Infectious
MononucleosisInfectious mononucleosis or "kissing disease",
how it has sometimes been called, is a form of severe tonsillitis, but also is
a protracted systemic viral illness and can have some hidden implications in the
development of nasopharyngeal cancer in the Chinese population who have a genetic
weakness for this type of rare cancer. Epstein-Barr virus (EBV),
the cause of infectious mononucleosis, is also a triggering agent for the 20 to
30 fold higher incidence of nasopharyngeal cancer in the Chinese when compared
to the low rates of North Americans and Europeans (Ref. 4, p. 1774).
Signs
and symptoms: The symptoms of EBV infection (= infectious mononucleosis)

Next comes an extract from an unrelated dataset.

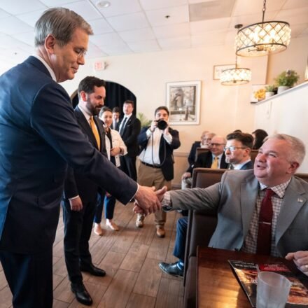 El secretario del Tesoro de Trump visita un diner en Nueva York y minimiza el aumento de precios de gasolina.

are as varied as the age group that gets affected by it. The most severe infections
occur in the age group of 15 to 25. It was originally among a group of college
students that the disease was investigated in the U.S. and this was where the
terminology of "kissing disease" came from as this can be a source of
transmission, although most of the time simple droplet infection like in any other
respiratory infection is the common mode of transmission. In children the symptoms
can be very mild like a cold of 1 or 2 weeks. In young adults, however,
it can be a severe infection with a high fever, extremely
sore throat with lymph gland enlargement of the neck lymph glands
and a viral tonsillitis and pharyngitis. The infected person may also suffer from
a complete loss of appetite, nausea, abdominal pain, headaches, chills and muscle
pains. In 30 % of patients there is swelling around the eyes ("periorbital
edema"). When antibodies appear in the blood in the second week there
can be sometimes a skin rash that can look quite varied. Sometimes it looks like
the measles, particularly when the person was put on amoxicillin. At other times
it looks like a rash with a multitude of pin sized red spots (petechial rash).
The spleen is enlarged in 50% of cases, the liver only in 10% . At the end of
the first week or in the second week there is a risk that the enlarged spleen
could rupture with sudden jarring motions. This is why contact sports should be
avoided for at least 3 weeks. The player would not perform well anyways because
the EBV infection is taking a lot of energy away from the person. Viral shedding
from the pharynx goes on for up to 18 months following infection with EBV! This
is the case, even when the person feels recovered after 3 or 4 weeks. The reason
why EBV is so common, is the fact that there are many asymptomatic carriers in
the population all the time, who shed the virus by droplet tansmission. Diagnostic
tests: The diagnosis is made mainly on clinical grounds, by history
and examination. The blood tests confirm some typical changes such as a moderately
elevated white blood cell count with 50% lymphocytes and 10% or more "atypical
lymphocytes" (=the "mononucleosis cells"). By the end of the 3rd
week the monospot blood test is positive in about 90% of patients (Ref. 4, p.268).
This is not too specific as chickenpox, lymphomas and influenza can lead to a
falsely positive monospot test as well. In these cases a EBV antibody level can
be ordered, which is specific for EBV infection. After 3 months the monospot test
returns to normal whereas the EBV antibody test stays positive for the rest of
the life of the individual. Treatment: Most patients
recover spontaneously from EBV infection in a course of 3 to 4 weeks. There is
no vaccination for it. In 1% or less of cases there can be neurological complications
like seizures or aseptic meningitis.
Hemolytic anemia, kidney failure, myocarditis or splenic rupture in the 2nd or
3rd week of the disease are other rare complications. If the tonsils are so large
that there is a danger of airway obstruction and in cases where the blood is thinned
too much (low platelet count) a course of corticosteroids for 1 or 2 weeks is
usually given (Ref. 4, p. 268). It is wise to do a throat swab, if there is a
change in the clinical presentation (more of a sore throat, worsening of the condition)
to rule out a bacterial uperinfection with group A beta-hemolytic streptococcus,
which would need to be treated with antibiotics.